Unfortunately, no clear SBP or mean arterial pressure (MAP) suggestions can be made because MAP targets are often extrapolated from non-CS populations in whom a value of 65 mm Hg has been considered a reasonable target.205 CS is a hemodynamically heterogeneous disorder, and hemodynamic variables may not necessarily reflect differential patterns of endorgan blood flow or tissue perfusion.
Microcirculatory dysfunction may persist despite improvements in these hemodynamic measurements.206
Suggestions for Clinical Practice
We suggest the use of PACs in cases of diagnostic or CS management uncertainty or in patients with moderate to severe CS who are unresponsive to initial therapy. Hemodynamic monitoring should complement (and not replace) other markers of end-organ perfusion in CS. The optimal MAP likely differs from patient to patient, and the risks of hypoperfusion with lower MAPs must be balanced (and individualized) with the potentially deleterious impact of vasoactive agents on myocardial oxygen demand, ischemia, and arrhythmia associated with higher MAP targets.
We suggest that clinicians assess the adequacy of end-organ and tissue perfusion in response to individualized targets by integrating serial markers of systemic perfusion, including (but not limited to) arterial lactate, mixed or central venous oxygen saturations, urine output, creatinine, liver function tests, mental status, temperature, and other invasive hemodynamic variables.
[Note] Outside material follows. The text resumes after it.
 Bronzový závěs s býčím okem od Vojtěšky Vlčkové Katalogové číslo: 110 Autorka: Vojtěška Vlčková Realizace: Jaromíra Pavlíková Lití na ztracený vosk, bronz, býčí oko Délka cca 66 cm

Nonvasoactive Pharmacological Management
Considerations for Clinical Practice
We support guideline recommendations for the management of patients with STEMI that suggest avoidance of β-blockers in patients with signs of HF or low-output states and the avoidance of RAAS antagonists in patients with hypotension.144 It may be reasonable to initiate β-blockers when the patient is euvolemic and off inotropes and vasopressors for at least 24 hours. RAAS
inhibitor therapy initiation can be considered when the patient has been off vasopressors for 24 hours, provided that the patient’s renal function has returned nearly to baseline levels and the risk of RAAS-associated hyperkalemia or hypotension is low. RAAS inhibitors may be started in patients with pulmonary edema and in conjunction with an inodilator.We suggest that it is reasonable to administer statin in patients with MI-associated CS.
Vasopressors and Inotropes
Vasoactive medications are often used in the management of patients with CS. An overview of the cardiac
and vascular receptors, along with the hemodynamic
effects of commonly used vasoactive medications in CS,
is provided in Table 4.
Despite their frequent use, few clinical outcome data are available to guide the initial selection of vasoactive therapies in patients with CS.
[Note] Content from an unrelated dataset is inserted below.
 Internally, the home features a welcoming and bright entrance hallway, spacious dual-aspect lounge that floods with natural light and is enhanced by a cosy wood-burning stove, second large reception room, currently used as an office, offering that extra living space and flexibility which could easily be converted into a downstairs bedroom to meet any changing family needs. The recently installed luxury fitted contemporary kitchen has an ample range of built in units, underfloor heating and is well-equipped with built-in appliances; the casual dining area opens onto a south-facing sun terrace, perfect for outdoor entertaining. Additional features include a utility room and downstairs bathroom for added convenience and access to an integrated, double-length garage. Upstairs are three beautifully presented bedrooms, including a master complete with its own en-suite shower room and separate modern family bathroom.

Dopamine [in the SOAP II trial] was associated with a higher rate of arrhythmias in the CS and overall populations and was associated with higher risk of mortality in the CS subgroup. [But the study has been criticized for methodological flaws.]
Suggestions for Clinical Practice
Norepinephrine is associated with fewer arrhythmias and may be the vasopressor of choice in many patients with CS; however, in light of the aforementioned major study limitations, the optimal first-line vasoactive medication in CS remains unclear. Pragmatic initial vasoactive considerations are provided in Table 5.
Care Bundles and the Prevention of Critical Care Complications
Although none have been specifically validated among CS cohorts, organizations such as the Institute of Healthcare Improvement recommend the universal use of several of these [Critical Care] bundles in every ICU.218
Suggestions for Clinical Practice
Table 6 highlights key care bundles and prevention practices that should be considered for patients with CS.